The rib seasoning is a dry rub that should be applied 15 minutes before grilling; the barbecue sauce, warmed up in a saucepan, is an ideal accompaniment to the finished ribs.

1 cup sugar
1/2 cup salt
2 tablespoons paprika
2 tablespoons red pepper
1 tablespoon ground cumin
1 tablespoon ground celery

In a medium bowl, mix together all ingredients. Store in a tightly sealed jar.

-------------
However, I much prefer pastes. Here's a good one.

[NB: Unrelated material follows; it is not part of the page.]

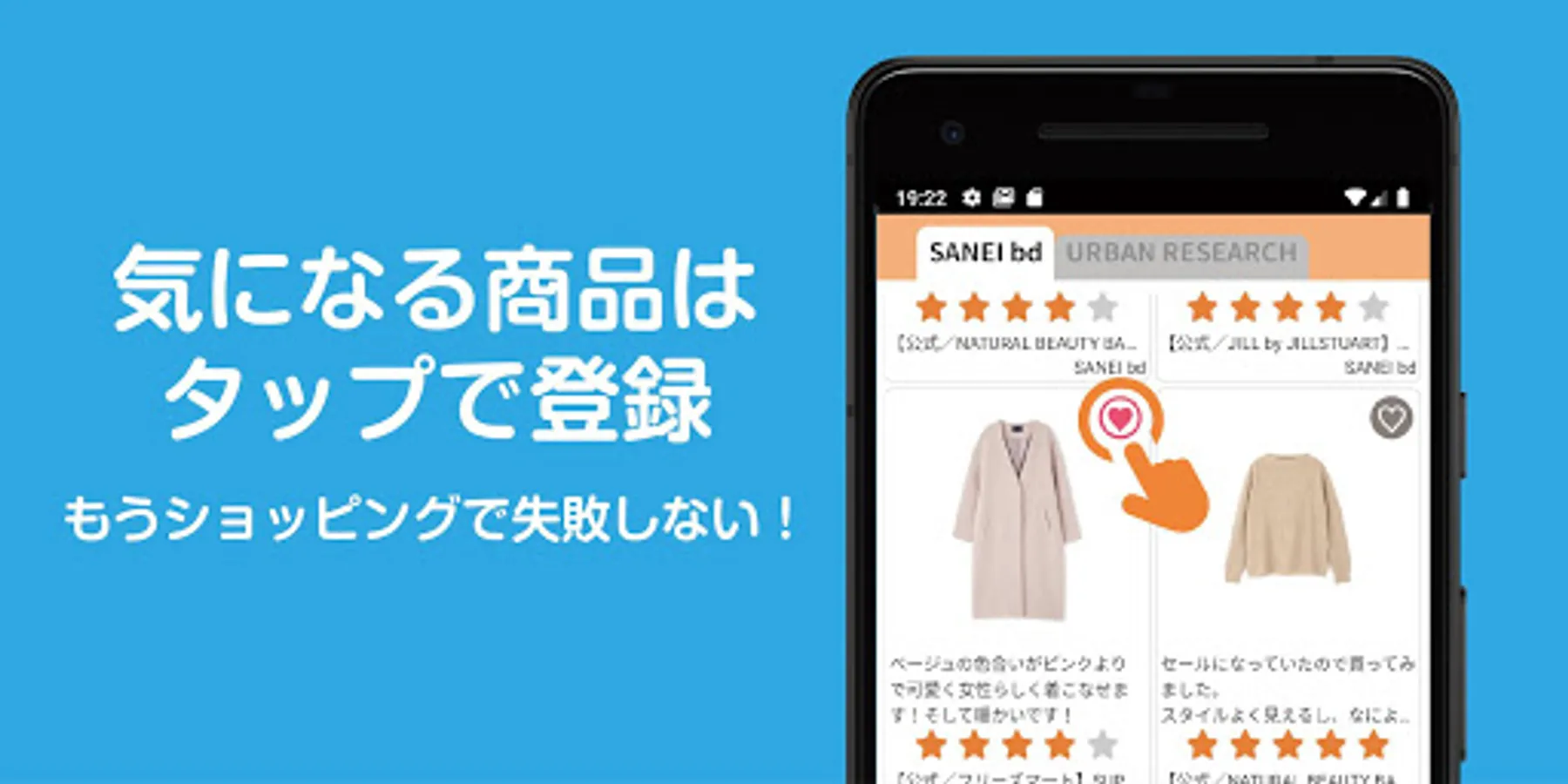 5.気になる商品レビューはハートマークをタップしてお気に入りに追加し、自分だけのレビューリストを作ることが可能です。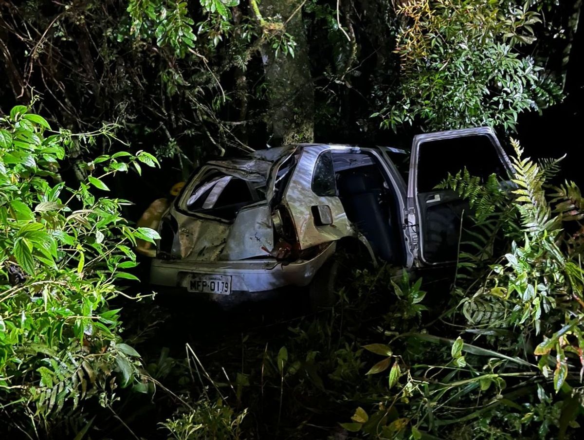 No local, os socorristas encontraram um Volkswagen Gol prata que havia saído da pista após o motorista perder o controle do veículo durante uma curva, segundo relato de um dos ocupantes.

A SPICE PASTE FOR THE THRILL OF THE GRILL

This paste is wonderful with steaks, chicken or veal chops. Rub the chops with the spice paste and refrigerate for four to six hours before grilling. Bring to room temperature and grill over hot coals until medium rare, about four minutes per side.

Makes about 3/4 cup

Ingredients

2 tablespoons cumin powder 
2 tablespoons curry powder 
2 tablespoons sweet paprika 
2 tablespoons coriander seed, cracked 
2 tablespoons black peppercorns, cracked 
1 tablespoon ground cinnamon 
1 teaspoon kosher salt 
1/4 cup olive oil 
2 cloves garlic, minced 
2 tablespoons minced fresh oregano 
1/4 cup minced fresh cilantro

Preparation

Combine the cumin, curry powder, paprika, coriander seed, peppercorns, cinnamon and salt in a small cast-iron skillet. Dry roast over medium-low heat until spices begin to smoke but not burn, about 3 to 5 minutes. Transfer the roasted spices to a large bowl. Add the olive oil, garlic, oregano and cilantro and mix well. Refrigerate in an airtight container for up to 3 days.

Never tried this one on ribs but I don't see why it wouldn't work...



[ July 09, 2001: Message edited by: Kimmie ]


----------



## pooh (Mar 13, 2001)

A thread on the subject had already been started on this board.

You should go there for more.


----------



## rjhunt (Jul 1, 2001)

Thanks, Pooh. Too many forums. Hard to know where to post. Guess I'll learn as I go.


----------